In the redox equation: 2MnO4,- + 5H2SO3  -->  2Mn,2+ + 3H2O + 5SO4,2- + 4H+ what is the change in the oxidation number of the element that is reduced? Enter your answer as a number with the correct sign, for example, -3 or +2.

On the left side, 2Mn04-: Mn is +7 to balance O(-2x4) -1.
                       5H2SO3: (H2 is +2), (O is -6), so (S must be +4)

On the products side
(I think this is where I run : should 2Mn, 2+ be 0 since it is by itself or should it be +2?
into trouble)                    3H2O: (H2 is a +2), (O is a -2)
                                    5S04 2-: (0 is -8), then with 2-, S must be +6
                                    4H+:H is a +1 but here is it a +2 because of the + after it?

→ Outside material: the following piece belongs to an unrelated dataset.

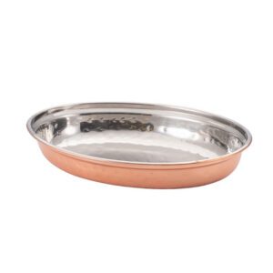 כלי הגשה אובלי מרוקע ציפוי נחושת 25.5X18 ס”מ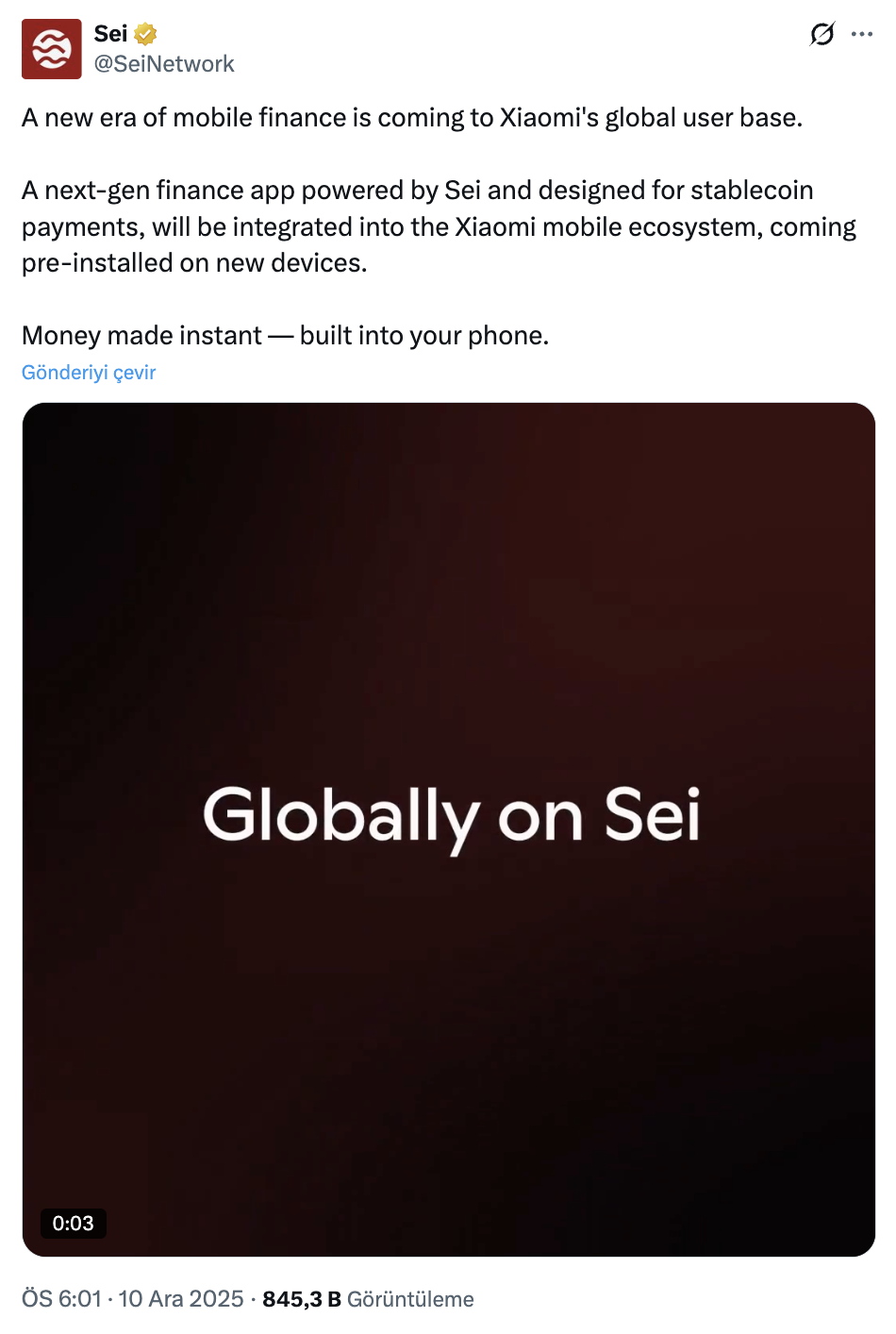 With 680 million global users, Xiaomi will distribute the Sei Mobile App as pre-installed software on all new phones outside China and the USA. This spans significant coverage from Europe and Southeast Asia to Latin America and Africa. Initial launch regions include Hong Kong and the EU, where users might start buying Xiaomi products and even its electric vehicles with stablecoins by Q2 2026.

I'm just getting really frustrated and I know I'm probably making it more difficult than it really is, but I need to know the oxidation # of the element that is reduced.  Thanks for taking the time to help out.

[Borek]

Read how to assign oxidation numbers, especially in the case of charged mono atomic ions.

[qwerty44]

Mn would go from +7 to +2 (because Mn2+ has a charge). So I think the reduction would be -5.